Communicating with Students in a Noisy World
Learn how you can improve your relationship management to attract and retain non-traditional students
Recovering from this trend requires a great deal of forward-thinking innovation from higher education institutions, and continuing education units can take the lead. After all, the fastest-growing group of students is adults; it is more than likely that higher education institutions are going to have to focus on enrolling and retaining non-traditional students, an area that distance and continuing education units have particular expertise in.
At my institution, we responded to the drop in numbers — and other enrollment factors — by creating a program focused on providing students with greater flexibility with how and when they take courses.
The program, called the Flexible Learning Experience (FLEx) offers students two types of fully online courses:
1. Open Entry/Open Exit
Focusing on open entry and exits, institutions can allow students to enroll in courses at any time during the calendar year and complete the course at their own pace. Of course, these classes must be completed within a limited time period, but can be completed more quickly.
2. Condensed Term
Rather than providing students with a completely open slate, this strategy allows students to earn course credits in a much shorter time-frame than would otherwise be possible. In this case, we offer four- or seven-week terms.

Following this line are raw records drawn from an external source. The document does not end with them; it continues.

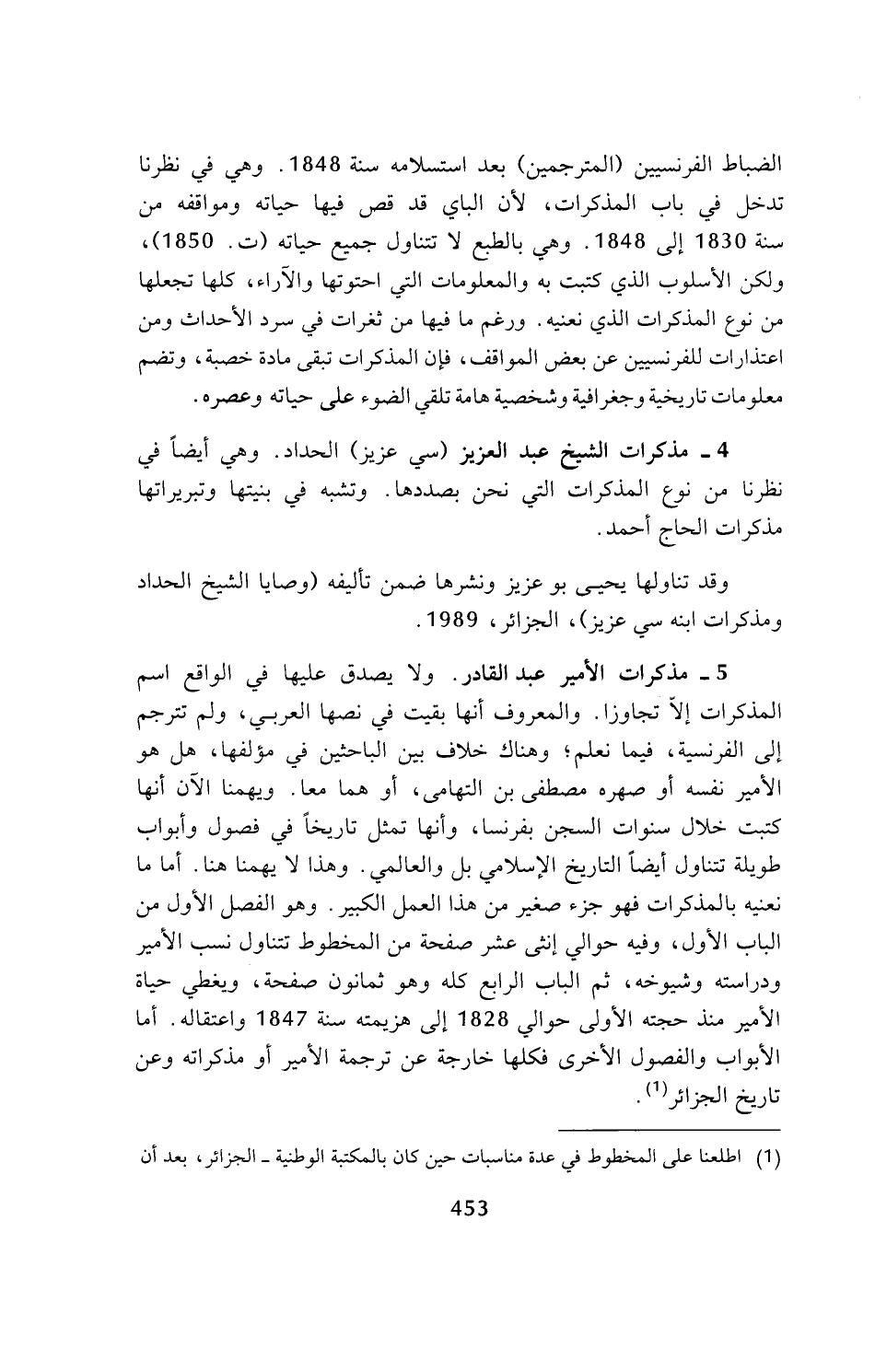 5 - مذكرات الأمير عبد القادر. ولا يصدق عليها في الواقع اسم المذكرات إلا تجاوزا. والمعروف أنها بقيت في نصها العربي، ولم تترجم إلى الفرنسية، فيما نعلم؛ وهناك خلاف بين الباحثين في مؤلفها، هل هو الأمير نفسه أو صهره مصطفى بن التهامى، أو هما معا. ويهمنا الآن أنها كتبت خلال سنوات السجن بفرنسا، وأنها تمثل تاريخا في فصول وأبواب طويلة تتناول أيضا التاريخ الإسلامي بل والعالمي. وهذا لا يهمنا هنا. أما ما نعنيه بالمذكرات فهو جزء صغير من هذا العمل الكبير. وهو الفصل الأول من الباب الأول، وفيه حوالى إثنى عشر صفحة من المخطوط تتناول نسب الأمير ودراسته وشيوخه، ثم الباب الرابع كله وهو ثمانون صفحة، ويغطي حياة الأمير منذ حجته الأولى حوالي 1828 إلى هزيمته سنة 1847 واعتقاله. أما الأبواب والفصول الأخرى فكلها خارجة عن ترجمة الأمير أو مذكراته وعن تاريخ الجزائر (¬1).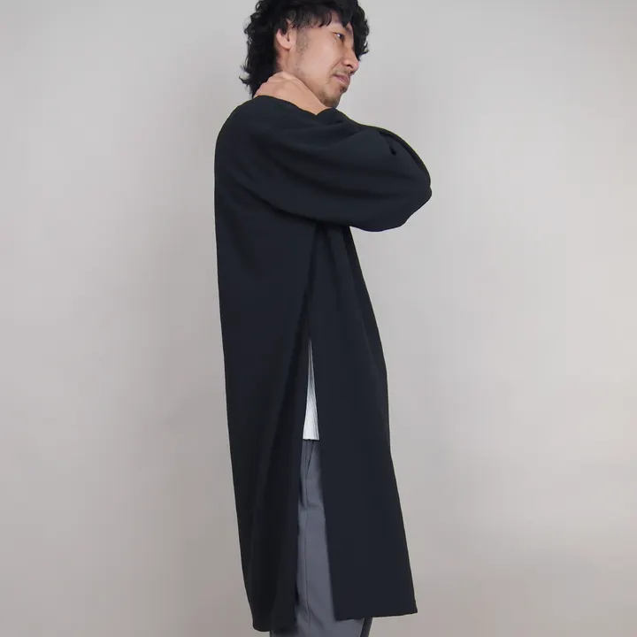 柔らかく馴染む生地と大胆なスリットでオシャレの選択肢が広がるワイドスリーブロングTシャツ。 従来のダンボールニットでは両立しえなかった軽さと膨らみが融合した生地です。 ストレッチ性にも優れながら適度なハリ感があるため、着心地も抜群です。 ボディラインを大きく隠すビッグシルエットでありながら、ボートネックと両サイドのスリットで抜け感があるため、すっきりとした印象に魅せることができます。 ※お色違いも生産可能です。ご希望の際はご相談ください。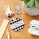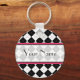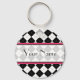 Um chaveiro com um fundo argyle preto com fundo rosa quente. Personalize com seu nome na seção central.

Creating a number of highly-flexible options to get academic credits allows students to forge their own pathways toward a degree. They are also encouraged to enroll in and continue their studies with much less inconvenience. Before launch, the courses are put through a highly rigorous review process to ensure the quality of the flexible options will be up to par with the rest of the institution’s more traditional offerings.
Flexible pathways are ideal for students who want to take courses outside traditional semester start and end dates, to accelerate their degree completion and to balance a complex life-work-school schedule. Another benefit of the program is that it will alleviate enrollment bottle-necks in general education and popular courses with large numbers of students.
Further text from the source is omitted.